***** Study material
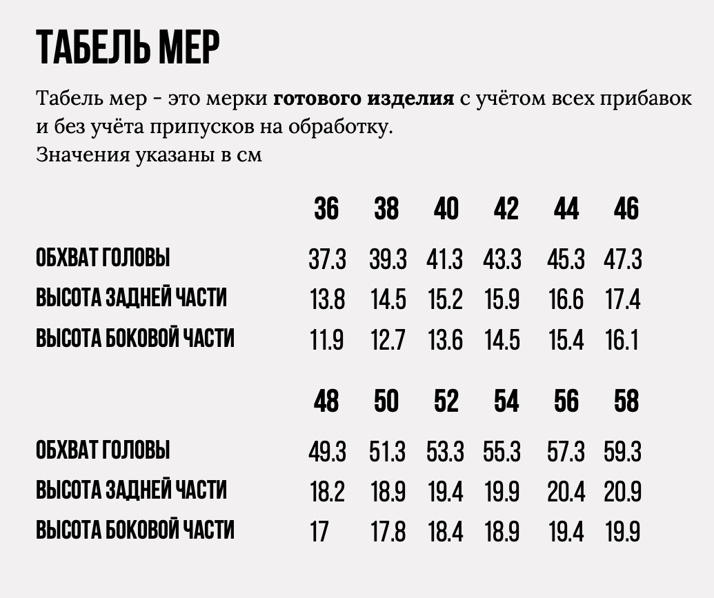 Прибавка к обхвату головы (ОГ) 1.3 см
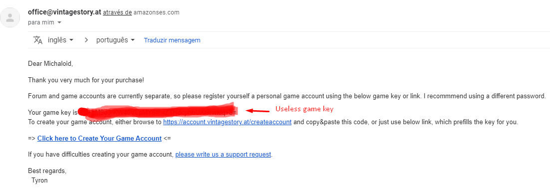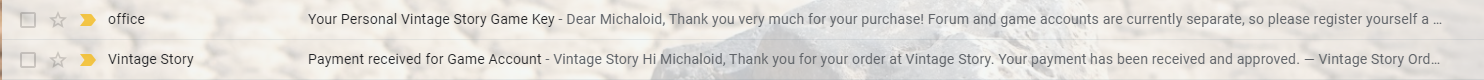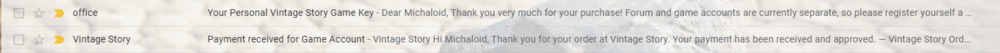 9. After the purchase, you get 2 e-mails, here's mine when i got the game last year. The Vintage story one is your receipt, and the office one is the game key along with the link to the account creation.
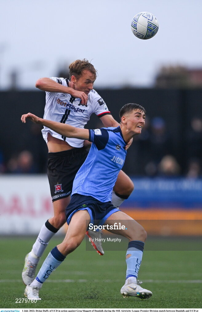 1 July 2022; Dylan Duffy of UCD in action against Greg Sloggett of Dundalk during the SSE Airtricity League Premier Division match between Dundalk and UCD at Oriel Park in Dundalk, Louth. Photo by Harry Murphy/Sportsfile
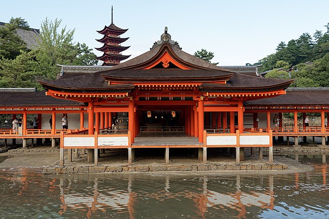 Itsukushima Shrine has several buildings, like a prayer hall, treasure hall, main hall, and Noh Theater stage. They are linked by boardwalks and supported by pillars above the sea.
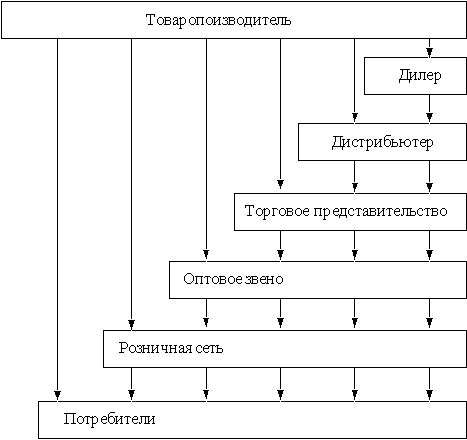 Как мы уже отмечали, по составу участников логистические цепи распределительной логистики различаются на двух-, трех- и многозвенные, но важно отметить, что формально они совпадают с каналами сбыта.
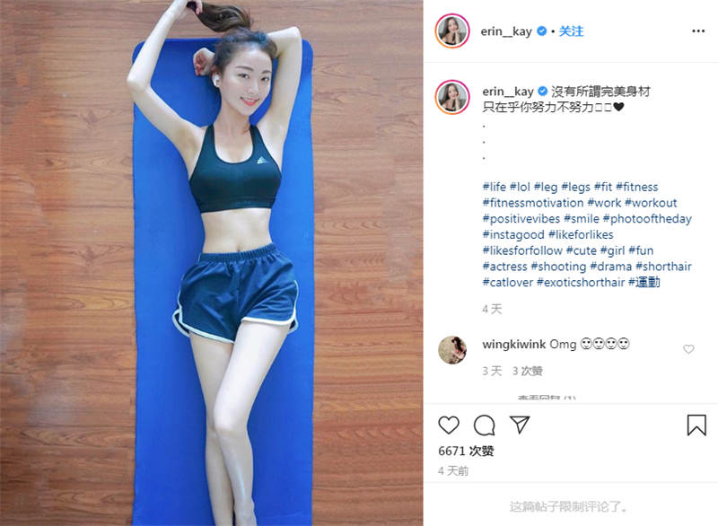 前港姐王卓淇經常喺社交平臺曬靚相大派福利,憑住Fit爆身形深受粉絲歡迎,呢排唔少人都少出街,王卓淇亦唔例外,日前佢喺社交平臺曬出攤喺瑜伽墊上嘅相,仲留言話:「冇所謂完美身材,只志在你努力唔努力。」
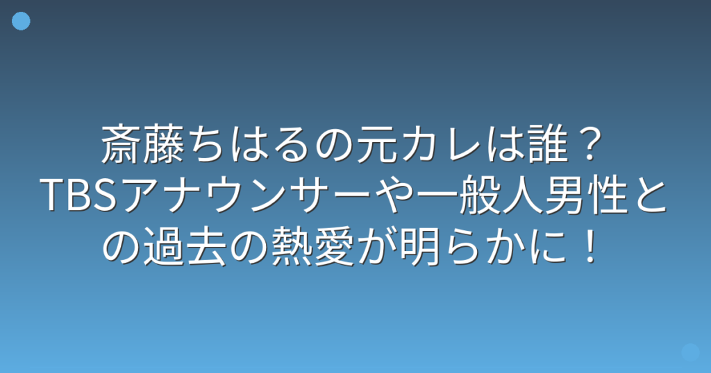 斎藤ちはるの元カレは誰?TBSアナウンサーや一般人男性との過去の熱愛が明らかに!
**********
***** Study material
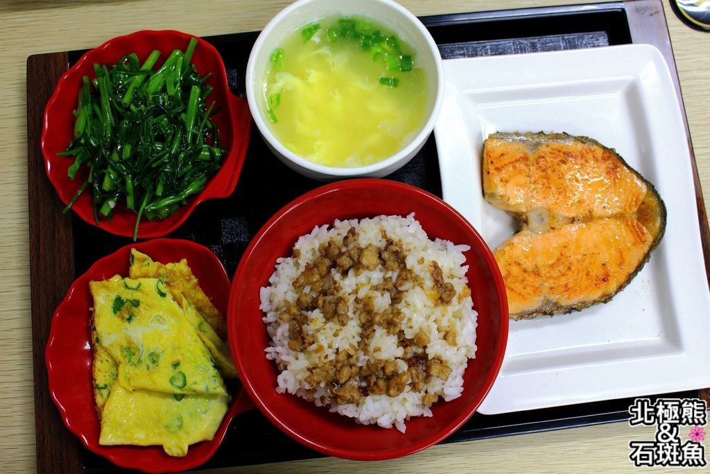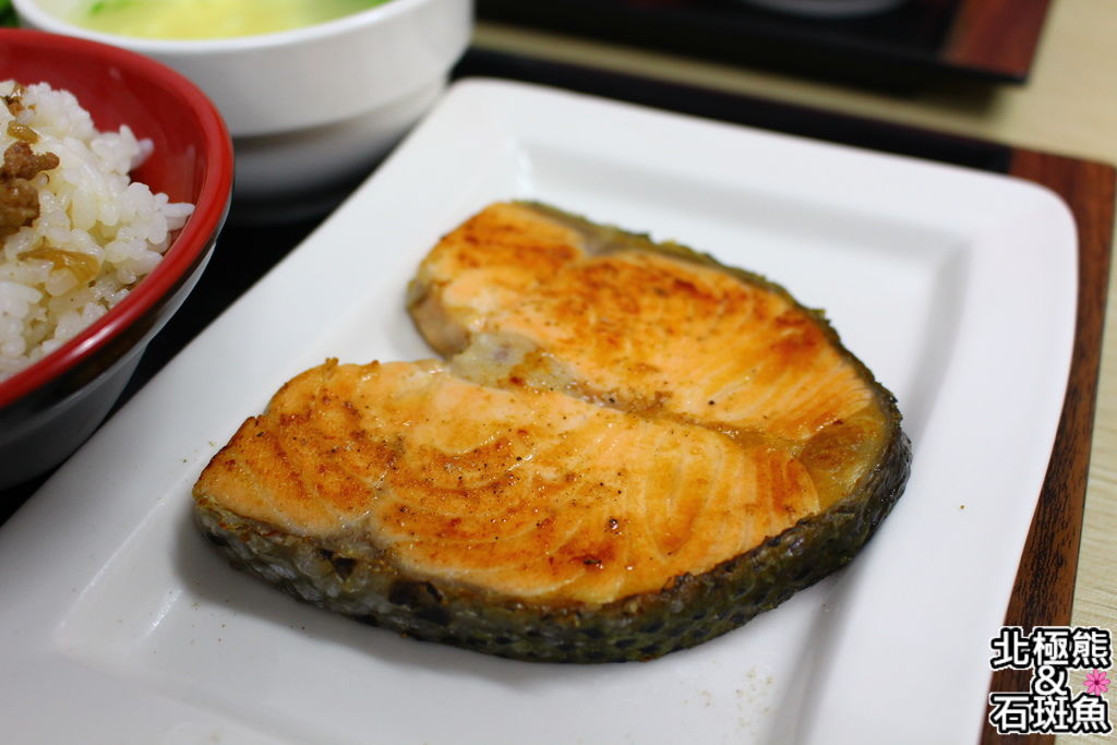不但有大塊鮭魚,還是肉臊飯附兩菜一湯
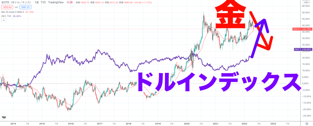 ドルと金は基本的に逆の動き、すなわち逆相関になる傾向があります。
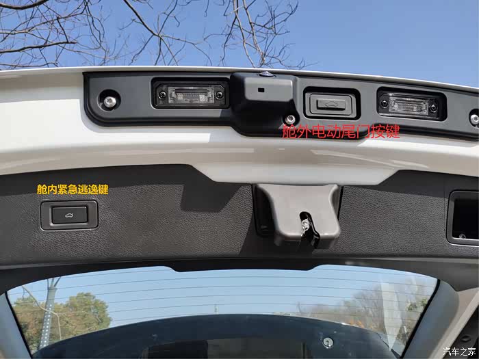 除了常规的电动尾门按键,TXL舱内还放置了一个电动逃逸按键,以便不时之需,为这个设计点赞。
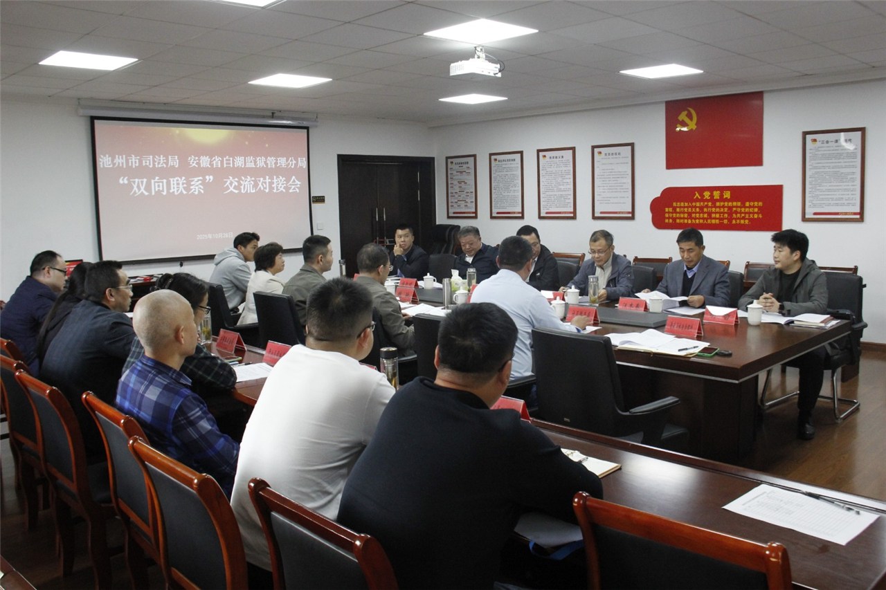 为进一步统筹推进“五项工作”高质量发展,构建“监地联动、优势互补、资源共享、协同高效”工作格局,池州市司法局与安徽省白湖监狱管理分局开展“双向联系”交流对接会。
**********
_Assignment_. Starting at the line containing "Как мы уже отмечали, по" and finishing at the line containing "斎藤ちはるの元カレは誰?TB", return those lines exactly as they appear above, without the pictures.

_Answer to this exercise_.
 Как мы уже отмечали, по составу участников логистические цепи распределительной логистики различаются на двух-, трех- и многозвенные, но важно отметить, что формально они совпадают с каналами сбыта.
 前港姐王卓淇經常喺社交平臺曬靚相大派福利,憑住Fit爆身形深受粉絲歡迎,呢排唔少人都少出街,王卓淇亦唔例外,日前佢喺社交平臺曬出攤喺瑜伽墊上嘅相,仲留言話:「冇所謂完美身材,只志在你努力唔努力。」
 斎藤ちはるの元カレは誰?TBSアナウンサーや一般人男性との過去の熱愛が明らかに!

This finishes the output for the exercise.